From the Ivy League to the oil business, and then public service
After graduating from Yale University and venturing into the oil business, Bush jumped into politics and eventually became a congressman, representing the 7th Congressional District in Texas. He made two unsuccessful runs for Senate, but would later serve in various political capacities – including as the US ambassador the United Nations, Republican National Committee chair, and CIA director.
Bush decided to run for president in 1980; however, failed to secure the Republican Party’s nomination during the primaries. Reagan soon chose Bush as his running mate and vice presidential nominee.
He ran for president again with Sen. Dan Quayle of Indiana as his running mate, and won, in 1988.
During his time in office, Bush oversaw major foreign-policy decisions that would have lasting effects on the global stage.
As one of his first major decisions, Bush decided to remove Panamanian dictator Manuel Noriega – a former US ally turned international drug lord – from power. Around 23,000 US troops took part part in “Operation Just Cause” and invaded Panama. Noriega eventually surrendered to the US and although the operation was seen as a US victory, it was also viewed as a violation of international law.

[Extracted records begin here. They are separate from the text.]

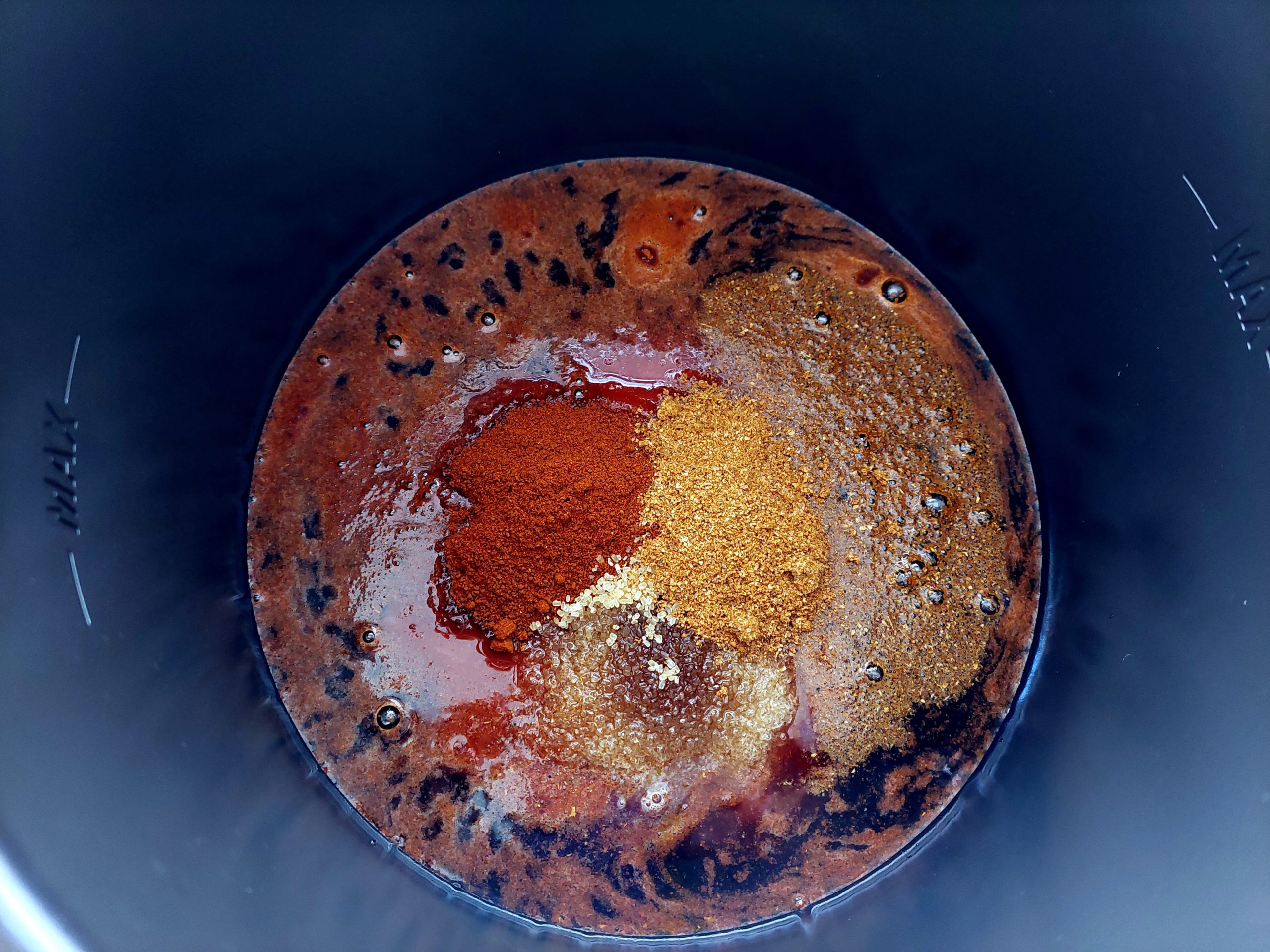 Am nächsten Tag aus Cola, Ketchup und Gewürzen eine Sauce im Cook4Me-Topf anrühren.
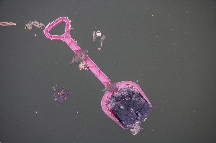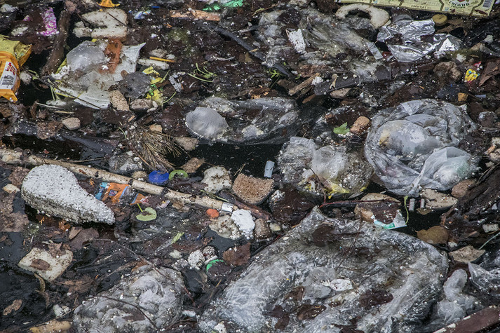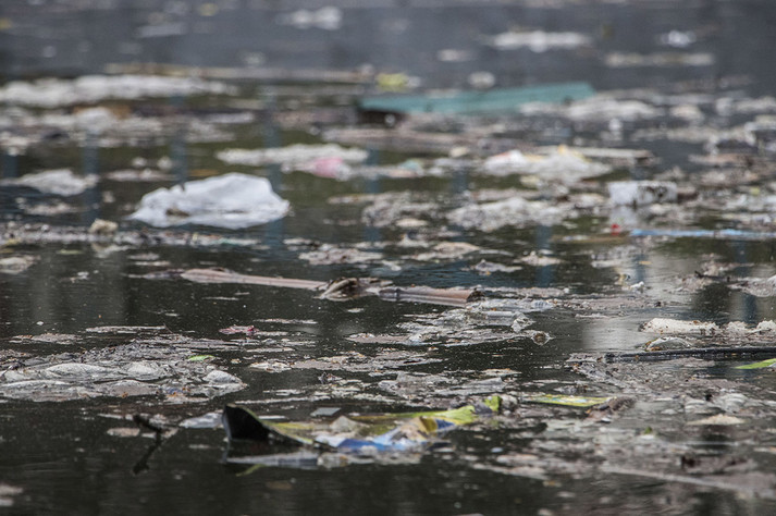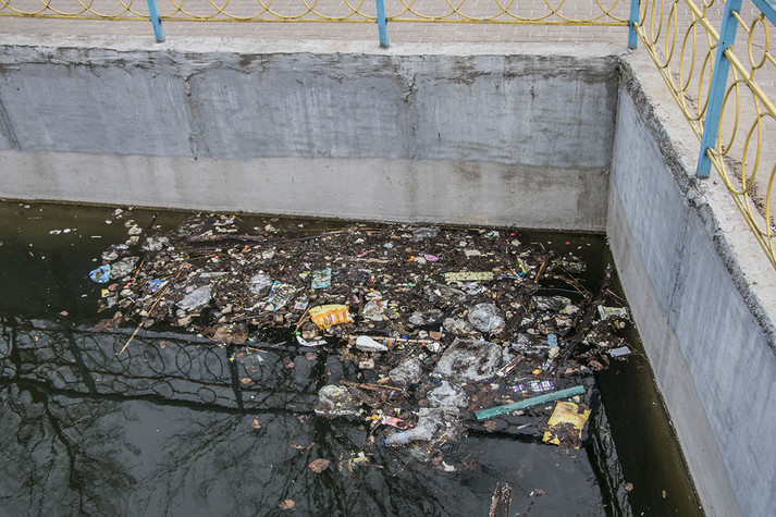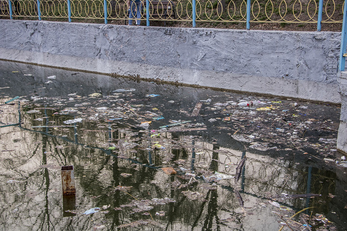 На поверхні води плавають пляшки, поліетилен та інше сміття
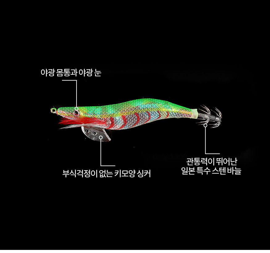 한국 특성에 맞는 야광 몸통 및 특수 야광 도료와 야광 눈을 사용하여 시인성이 뛰어남

As the sitting president during the demise of the Soviet Union, Bush held summits with Soviet President Mikhail Gorbachev and advocated for the reduction of nuclear weapons while cultivating US-Soviet ties. When the Soviet Union finally fell, Bush heralded it as a “victory for democracy and freedom” but held back on implementing a US-centric policy on the confederation of nations that emerged.
On August 2, 1990, Bush faced what was arguably his greatest test. Iraq, led by Saddam Hussein, invaded Kuwait after accusing it of stealing oil and conspiring to influence oil prices. Bush formed a coalition of nations, including the Soviet Union, to denounce Hussein’s actions and liberate Kuwait in “Operation Desert Shield” and eventually “Operation Desert Storm.” Around 425,000 US troops and 118,000 coalition forces were mobilized for weeks of aerial strikes and a 100-hour ground battle.
Despite his achievements beyond the US border, Bush was less successful back home. He fell short in his bid for reelection in 1992, during a time of high unemployment rates and continued deficit spending. Bush pulled in only 168 electoral votes that year, compared to Bill Clinton – then the governor of Arkansas – who collected 370 electoral votes.
Following his presidency, the Bushes relocated to Houston, Texas, where they settled down and became active in the community.
Bush received several accolades after his presidency, including receiving a knighthood at Buckingham Palace, and having the US Navy’s nuclear-powered aircraft carrier, the USS George H.W. Bush (CVN 77), named after him.
In 2017, several women accused Bush of sexual misconduct and telling lewd jokes. Bush’s representatives released a statement at the time, saying that he occasionally “patted women’s rears in what he intended to be a good-natured manner.”
Bush is survived by his sons, former President George W. Bush, former Florida Gov. Jeb Bush, Neil Bush, Marvin Bush, and daughter Dorothy Bush Koch.
“Some see leadership as high drama and the sound of trumpets calling, and sometimes it is that,” Bush said during his inaugural address on January 20, 1989. “But I see history as a book with many pages, and each day we fill a page with acts of hopefulness and meaning.”
Bush continued: “The new breeze blows, a page turns, the story unfolds. And so, today a chapter begins, a small and stately story of unity, diversity, and generosity – shared, and written, together.”